Più vado a ritroso più posso trovare dei relitti lessicali in lingue che sono morte: per esempio in gotico mangiare si diceva “itan”, differenza nella vocale radicale.
Ho dunque 3 forme diverse in 3 lingue che ritengo essere imparentate, applico un confronto. I neogrammatici confrontavano forme corrispondenti in lingue che si presuppongono imparentate per individuare la forma originaria, corrispondente alla lingua madre e lo ricostruisco fonema per fonema.
Il primo fonema: ho 2 vocali radicali “e” ed una “i”; applico la legge della maggioranza e devo saper spiegare i possibili scostamenti delle lingue non conformi (gotico). Tutte le “e” brevi del germanico diventano sistematicamente “i” in gotico – ed è un’evoluzione (attestato in più casi il gotico innova rispetto al proto-germanico) spontanea. Il fatto che io possa dare conto in maniera scientifica di questa apparente eccezione del gotico fa propendere per approvare la legge della maggioranza.
Il secondo fonema: ho un’occlusiva dentale sorda in tutte e tre le forme. Essendoci una coerenza evidente della presenza della “t” e poi costruirò la desinenza. Nella ricostruzione germanica l’infinito di mangiare risulta “etanan”.
Più che la desinenza è la radice comune che devo individuare per individuare una parentela genetica.
Nella ricostruzione linguistica ora andremo a ricostruire anche la lingua nonna delle lingue germaniche: confronterò le forme corrispondenti nelle altre lingue madri. La forma del sanscrito presenta una diversa vocale radicale → “admi”. Per quel che riguarda il secondo fonema il sanscrito concorda con il latino e con il greco, mentre è discordante con il germanico. La lingua nonna indoeuropeo – si ricostruisce con un ragionamento a ritroso fonema per fonema.

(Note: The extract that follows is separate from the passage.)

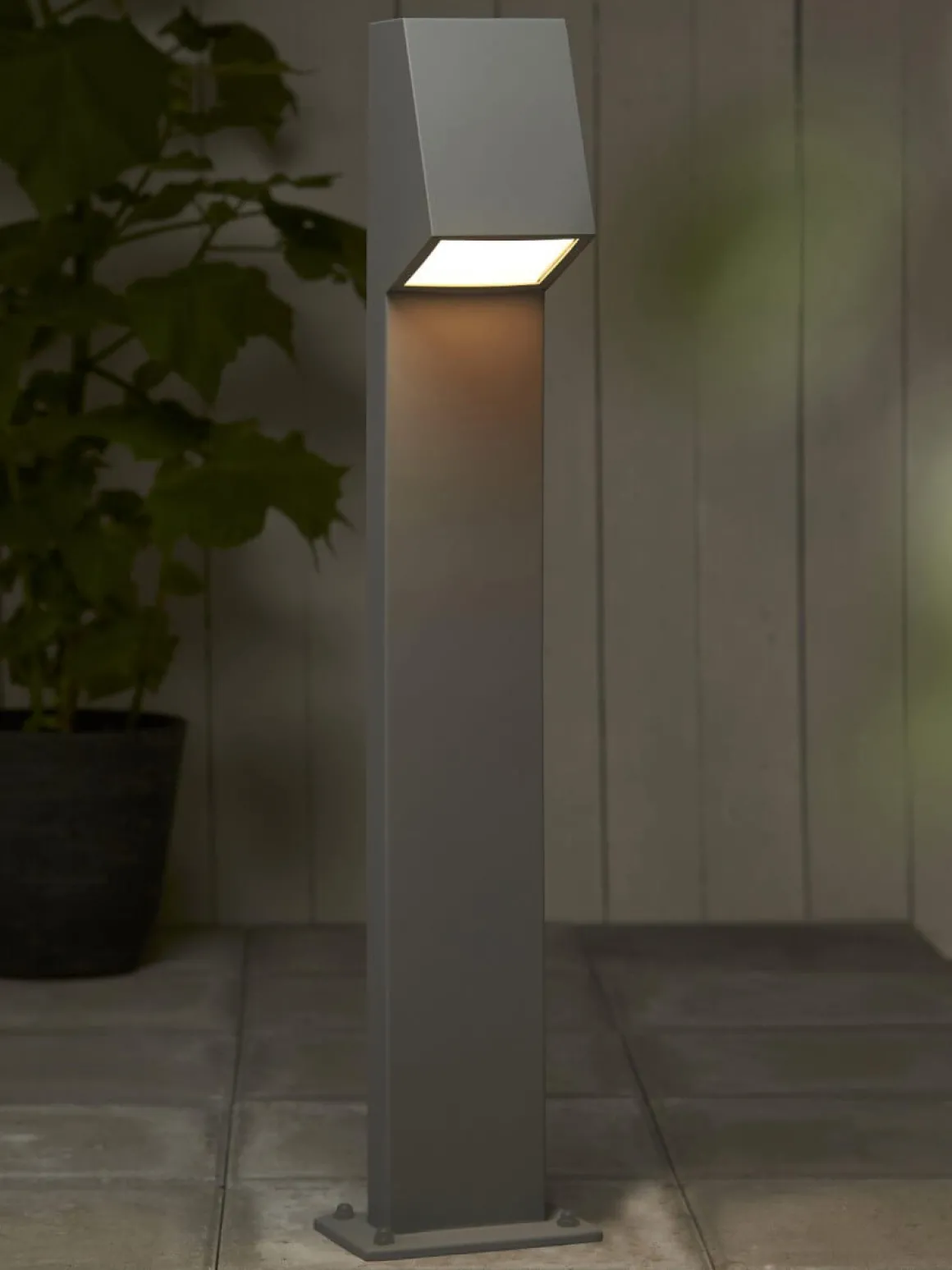 Luton pollare från PR-Home. Grå pulverlackad metall gör att hen tål väder och vind. Luton lämpar sig bäst längs med en gång eller en uppfart där du endast önskar få ljuset åt ett håll.

Il primo fonema: applico la legge della maggioranza, ricostruisco la “e” poiché presente in 3 forme su 4 e devo saper motivare perché la “e” breve in indoeuropeo diventa “a” sanscrito rispetto all’indoeuropeo (attestato - il sanscrito innova rispetto all’indoeuropeo).
Il secondo fonema, è presente in 3 forme su 4 l’occlusiva sonora. La forma “et” del germanico è innovativa rispetto all’origine. Devo essere certo di motivare la differenza nel germanico e cioè che tutte le “d“ dell’indoeuropeo diventino “t” in germanico, ed è verificato.
La “legge di Grimm” o mutazione consonantica germanica
Un esempio di legge fonetica
- Dell’indoeuropeo le occlusive sonore si desonorizzano sistematicamente in germanico;
- Le occlusive sorde indoeuropee si defricativizzano in germanico, cambiando così il modo di articolazione pur mantenendo invariato il luogo di articolazione.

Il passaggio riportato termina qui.